The role of our courts in EU enforcement

The second thing gave me considerably less joy. The DPC likes to point out that since 2018 it has issued over €4 billion in fines. I have often wondered where this money goes, and in theory it goes to the Irish exchequer.

But, the DPC admitted to Brian, "only around €20 million has been paid due to legal challenges being taken by the companies involved."

So all of those headlines that we see, like the one below, of historic €500m fines, only one half of one percent of these have been paid in the eight years of enforcement to date.

Headline from the DPC website on last year's TikTok fine. This is being appealed in court and not a penny has been paid.

It is well noted that Irish regulators are overloaded with Europe wide enforcement (Johnny Ryan has strong views on enforcement in the Guardian yesterday).
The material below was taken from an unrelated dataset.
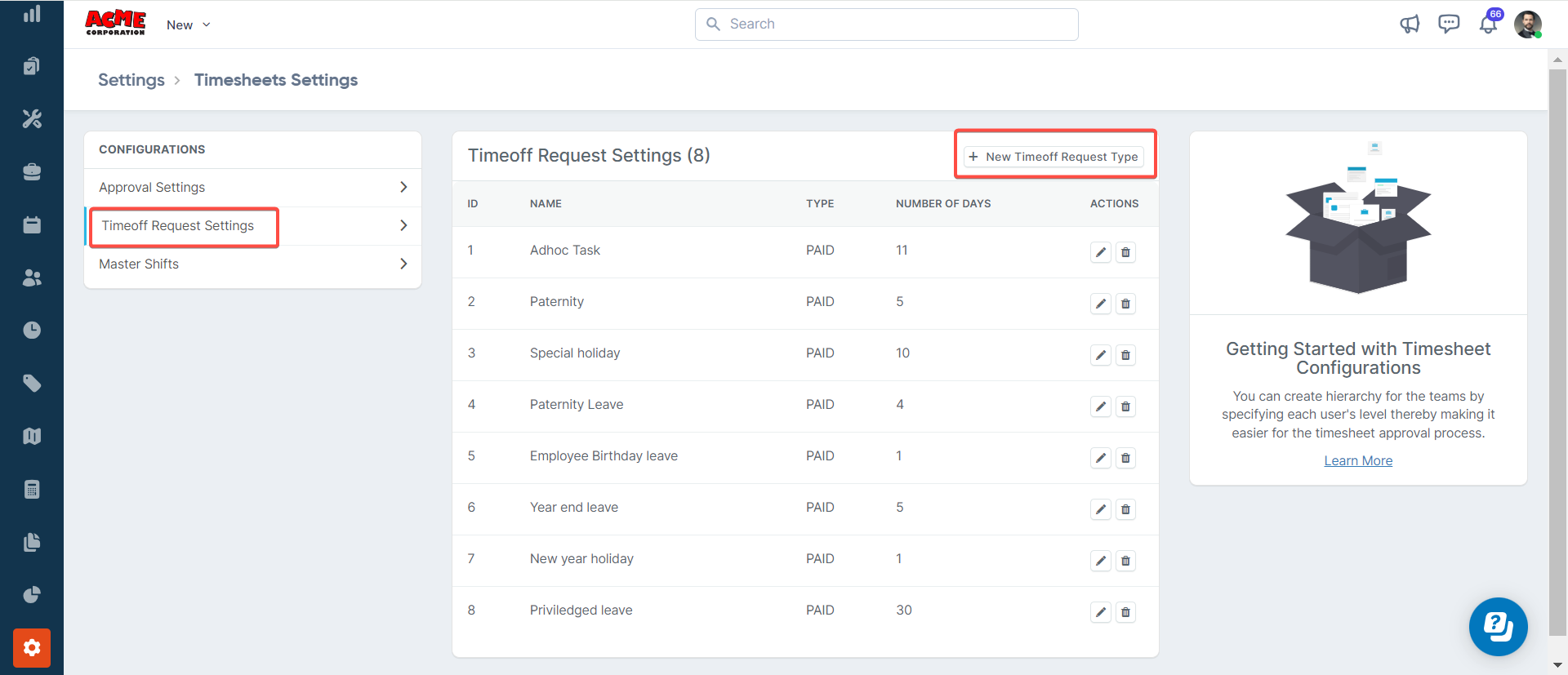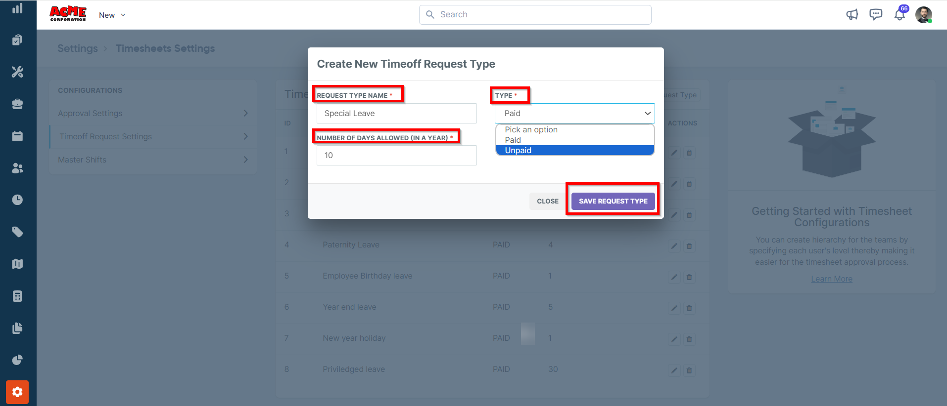 In this section, you can view and add new time-off request types. For each request type, you can specify whether it is paid or unpaid and the number of days allocated. To add a new time-off request type, follow these steps:

These legal challenges - which are expensive - don't just fall on the DPC. As I wrote earlier this year in Tech Policy Press, Coimisiún na Meán, just a few years old, was already facing 12 lawsuits from tech companies at the start of this year. In their first of operation they were already facing four legal challenges, which left them with a bill of €5.8million.

It hadn't really occurred to me until learning all of this just how much time and resources of our courts is being used dealing with Big Tech avoidance of EU regulatory compliance.

One can imagine it well dwarfs that €20million.